28. The High Court considered the case elaborately examining every issue
microscopically and held that there was no reason to disbelieve the
254
facts stated by the judicial officer against the contemnor/appellant, the facts
were acceptable, and it was clearly proved that the contemnor was guilty of gross
criminal contempt. The charges levelled against the appellant stood proved. A
Judge has to discharge his duty and passes order in the manner as he thinks fit to
the best of his capability under the facts and circumstances of the case before him.
No litigant, far less an advocate, has any right to take the law in his own hands.
The contemnor abused the Judge in most filthy words unworthy of mouthing by an
ordinary person and that is true without any justification for him ascending the dais
during the course of the proceedings and then abusing the judicial officer
in the words ―Maaderchod, Bahanchod, High Court Ko Contempt Refer Kar‖. The
courts certainly cannot be intimidated to seek the favourable orders. The appellant
intimidated the presiding officer of the court hurling filthiest abuses and
lowered the authority of the Court, which is tantamount to interfere with the
due course of judicial proceedings. The charge which stood proved against the
appellant could not be taken lightly and in such a fact-situation the apology
tendered by him, being not bona fide, was not acceptable.

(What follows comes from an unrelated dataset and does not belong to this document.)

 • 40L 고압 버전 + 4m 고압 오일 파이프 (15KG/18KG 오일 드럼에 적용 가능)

29. We have considered the facts and circumstances of the case. The show
cause notice was given by the High Court on 5.5.1999. The appellant submitted his
reply on 24.5.1999. The charges were framed against him on 27.9.2004 and in his
first affidavit dated 18.10.2005, the appellant had denied all the allegations made
against him. The so- called apology contained ifs and buts. Appellant is not even
sure as to whether he has committed the criminal contempt of the court or
whether the most filthy abuses could hurt the Presiding Officer. Appellant
has been of the view that the Officer was a robot and has no heart at all, thus
incapable of having the feelings of being hurt. The appellant filed second affidavit
dated 24.11.2005 tendering apology.
The apology has been tendered under pressure only after framing o f the charges by
the High Court in the Criminal Contempt when appellant realized that he could be
punished. The apology was not tendered at the earliest opportunity, rather
tendered belatedly just to escape the punishment for the grossest criminal
contempt committed by him. The language used by the Advocate for a judicial
officer where he practices regularly and earns his livelihood is such that any
apology would fall short to meet the requirement of the statutory provisions.

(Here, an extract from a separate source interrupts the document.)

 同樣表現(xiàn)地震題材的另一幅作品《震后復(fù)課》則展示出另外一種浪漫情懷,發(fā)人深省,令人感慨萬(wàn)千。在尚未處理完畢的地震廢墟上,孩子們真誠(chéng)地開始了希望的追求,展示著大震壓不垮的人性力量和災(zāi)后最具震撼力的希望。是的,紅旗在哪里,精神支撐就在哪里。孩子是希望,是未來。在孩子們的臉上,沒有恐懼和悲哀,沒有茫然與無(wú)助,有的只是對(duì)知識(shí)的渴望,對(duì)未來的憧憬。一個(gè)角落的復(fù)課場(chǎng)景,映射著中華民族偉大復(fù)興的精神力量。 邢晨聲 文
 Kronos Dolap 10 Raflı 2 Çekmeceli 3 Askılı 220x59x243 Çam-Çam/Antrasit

There has been no repent or remorse on the part of the appellant at an initial stage.
255
Had it been so, instead of making grossest and scandalous allegations against the
judicial officer, writing complaint against him to the Administrative Judge in the
High Court of Allahabad, the appellant could have gone to the concerned judicial
officer and tendered apology in open court.

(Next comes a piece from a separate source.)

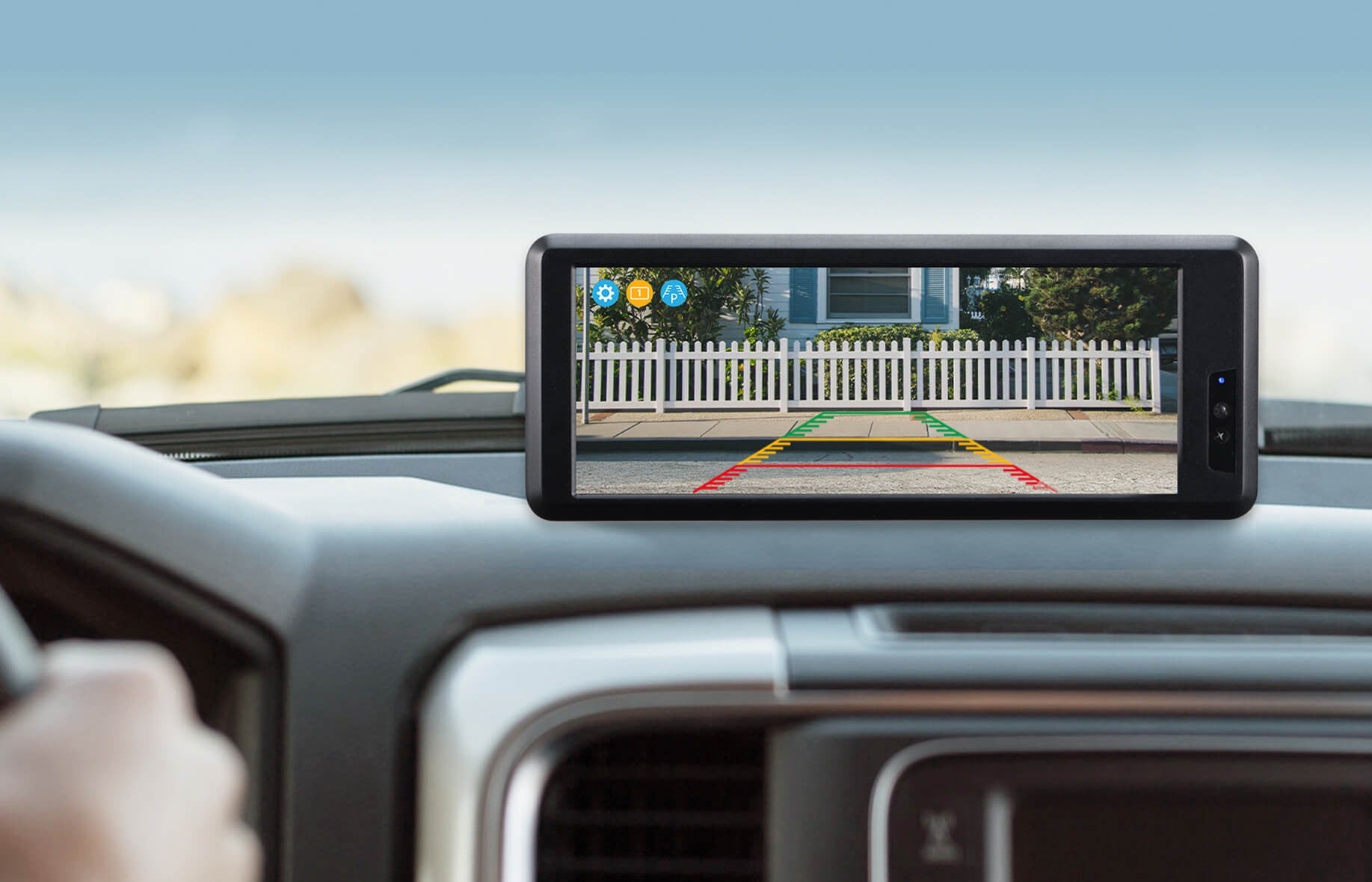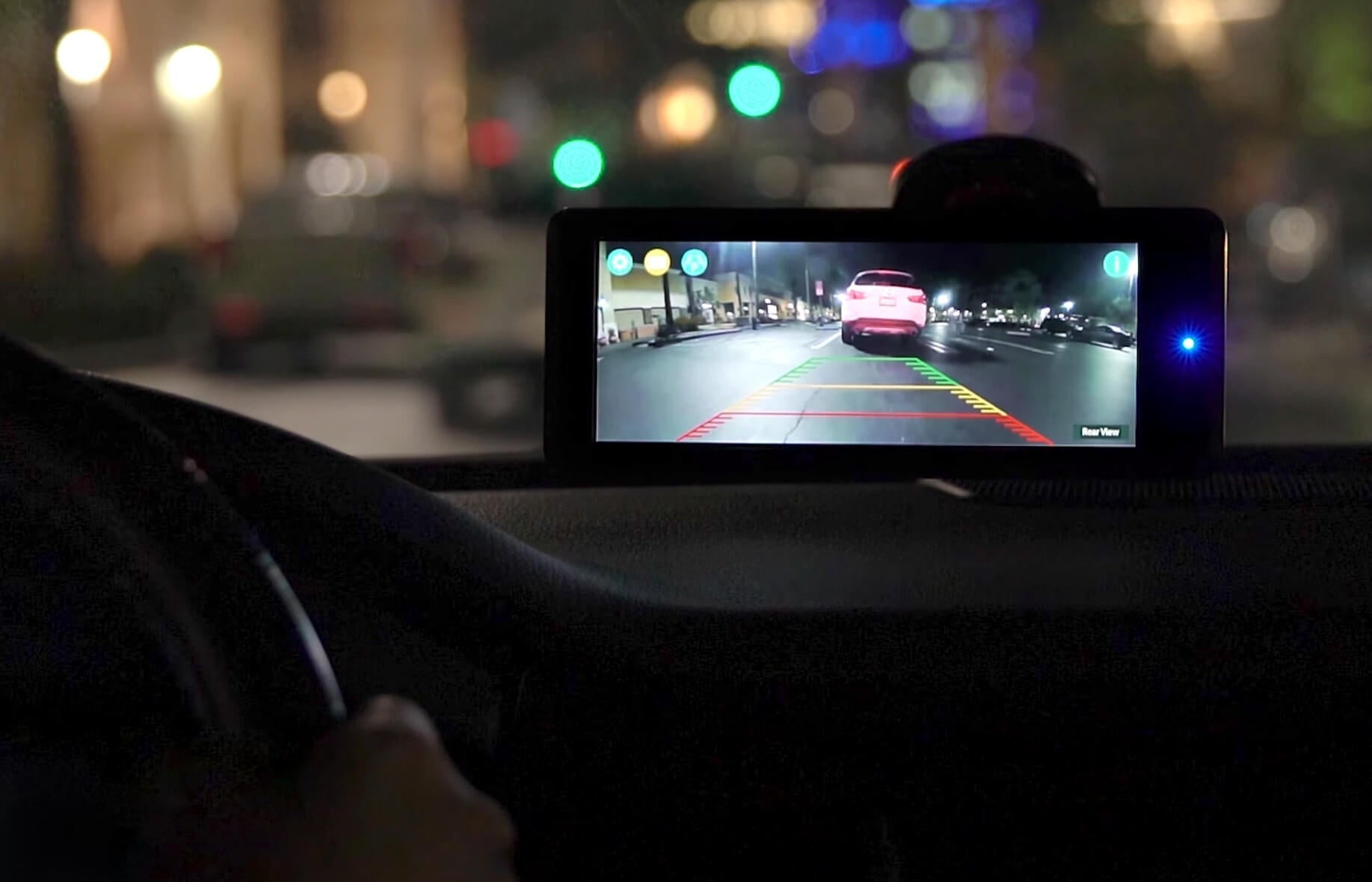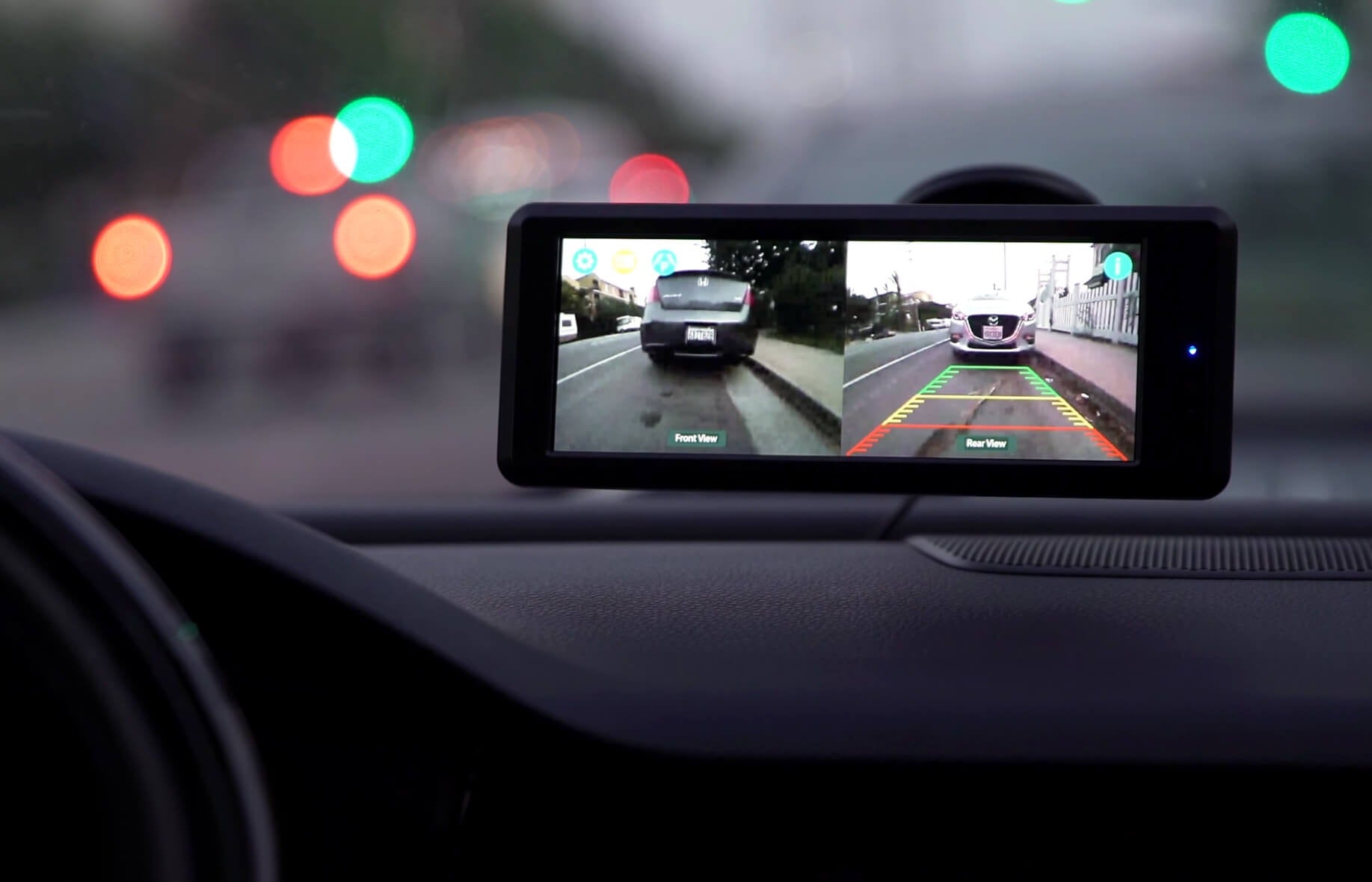 Enjoy a 6.8" HD monitor with touch-screen control, motion-activated startup, and split screen mode when adding a second camera to your front license plate.

The appellant instead of yielding to the court honestly and unconditionally
advanced a well guarded defence by referring to all the facts that led to the
incident. Apology tendered by the appellant gives an impression that the same
was in the alternative and not a complete surrender before the law. Such
attitude has a direct impact on the court‘s independence, dignity and decorum. In
order to protect the administration of public justice, we must take action as
his conduct and utterances cannot be ignored or pardoned. The appellant had no
business to overawe the court.
Thus, we are of the view that the apology tendered by the appellant had neither
been sincere nor bona fide and thus, not worth acceptance.
30. The appeal lacks merit and is, accordingly, dismissed. A copy of the
judgment and order be sent to the Chief Judicial Magistrate, Etawah, for taking
the appellant into custody and send him to the jail to serve out the sentence.